● WHAT IS NEEDED:
In full and word for word, copy the listing; no pictures belong in the copy.

● INFORMATION PROVIDED:
Content starts

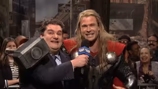El eufórico Thor se mueve de un lado para otro mientras por el micrófono pasan el resto de Vengadores. El colaborador de SNL, Taran Killam se convierte en Tony Stark/Iron Man y Pete Davidson es el encargado de dar vida a un confuso Bruce Banner: "Creo que me he comido a un hombre". También aparecen Nick Fury (Jay Pharoah) y Capitán América (Beck Bennett).
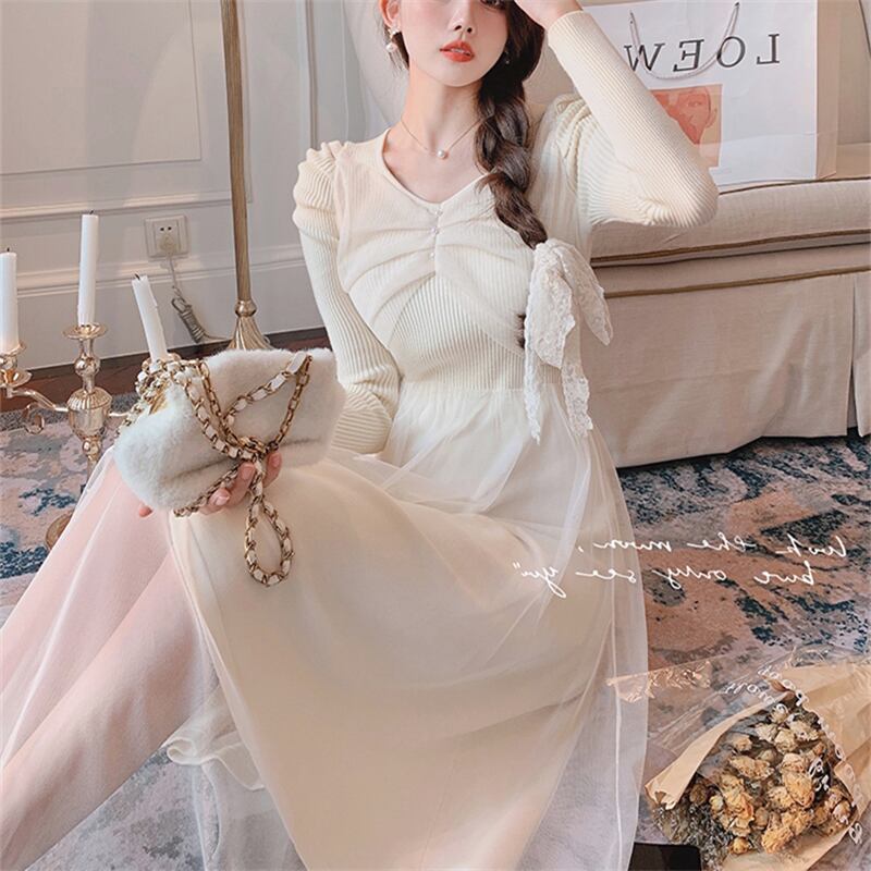 フレンチティーブレイク優しい風ニットドレス秋冬コートシックなデザインセンスロングバージョンオーバーザニーセータードレス オータム 秋物 ウィンター 冬物 yingd94117650368
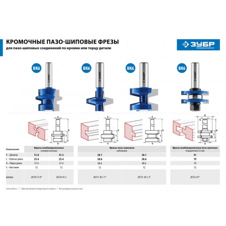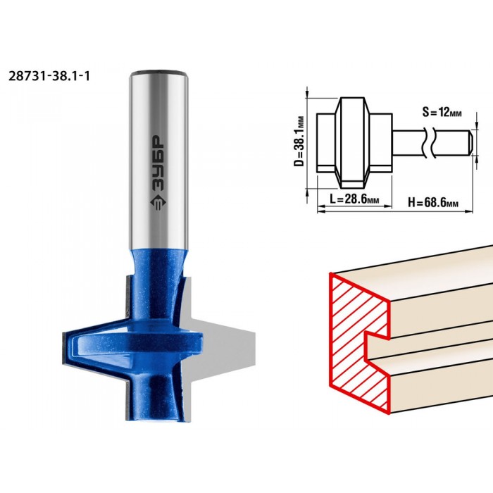Фреза пазо-шиповая наборная 38.1?28.6 мм хвостовик 12 мм ЗУБР Профессионал 28731-38.1-1
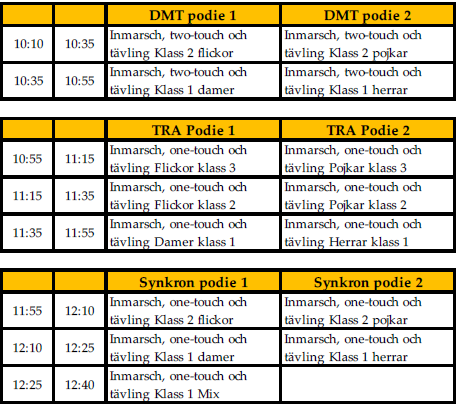 08.30-09.45 Förträning för samtliga finalister på trampolin och DMT

Content ends

● EXPECTED OUTPUT:
El eufórico Thor se mueve de un lado para otro mientras por el micrófono pasan el resto de Vengadores. El colaborador de SNL, Taran Killam se convierte en Tony Stark/Iron Man y Pete Davidson es el encargado de dar vida a un confuso Bruce Banner: "Creo que me he comido a un hombre". También aparecen Nick Fury (Jay Pharoah) y Capitán América (Beck Bennett).
 フレンチティーブレイク優しい風ニットドレス秋冬コートシックなデザインセンスロングバージョンオーバーザニーセータードレス オータム 秋物 ウィンター 冬物 yingd94117650368
Фреза пазо-шиповая наборная 38.1?28.6 мм хвостовик 12 мм ЗУБР Профессионал 28731-38.1-1
 08.30-09.45 Förträning för samtliga finalister på trampolin och DMT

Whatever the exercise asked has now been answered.